As a result of these subtleties, BrowserShield must use a series of interposition mechanisms: method wrappers, new invocation syntax, and name resolution management. We justify and describe these mechanisms in the following subsections, organized by our goals for the framework.
Function and Object Method Calls There are two ways to rewrite function or method calls for interposition: callee rewriting or caller rewriting.
In callee rewriting, the original function or method definition is first saved under a different name, and then the original function or method is redefined to allow interception before calling the saved original. We call the redefined function the wrapper. The benefit of callee rewriting is that the rewritten code is localized -- only functions or methods of interest are modified, but not their invocations throughout the code. However, callee rewriting does not work for cases where functions or methods cannot be redefined.
In caller rewriting, the invocation is rewritten to an interposition function without changing the original function's definition. The interposition function looks up the appropriate interposition logic based on the identity of the target function or method. Although caller rewriting causes more pervasive code changes, it can interpose on those functions or methods that cannot be overwritten.
In BrowserShield, we have to use a hybrid of both approaches to accommodate the previously mentioned JavaScript subtleties.

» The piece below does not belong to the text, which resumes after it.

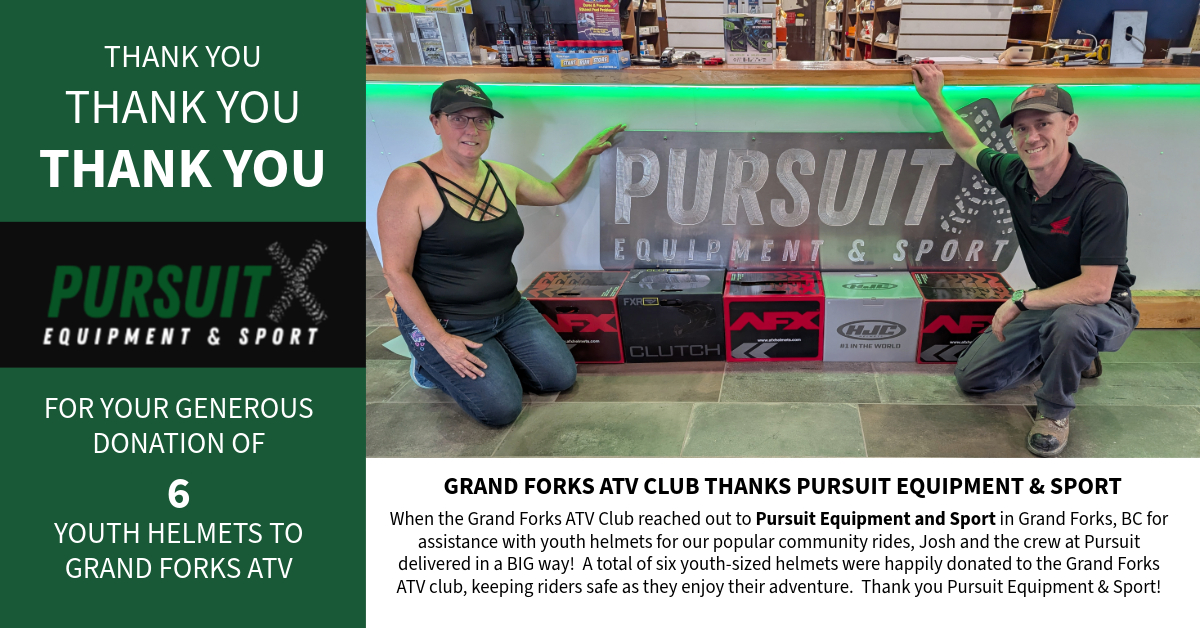 Pursuit Equipment & Sport, Wow! Thank you, Josh, and the team at Pursuit Equipment and Sport for your generousdonation of six youth-sized helmets to the… Read More »Donation from Pursuit Equipment & Sport

JavaScript contains some native functions that cannot be redefined (e.g., alert), which necessitates caller rewriting. The first row of Table 1 shows how BrowserShield indirectly invokes a function with its list of parameter values by passing it to bshield.invokeFunc(func, paramList), where bshield is a global object that we introduce to contain BrowserShield library code.
However, using caller rewriting alone for interposing on method calls requires maintaining references to state otherwise eligible for garbage collection. Caller rewriting requires maintaining a map from functions and methods of interest to their associated interposition logic. Maintaining this map as a global table would require maintaining a reference to methods of interest on every object ever created, since each object may correspond to a distinct prototype requiring distinct interposition logic. These global table references would prevent reclamation of objects otherwise eligible for garbage collection, possibly causing pages that render normally without BrowserShield to require unbounded memory. To avoid this, BrowserShield maintains the necessary interposition logic on each method, allowing unused state to be reclaimed.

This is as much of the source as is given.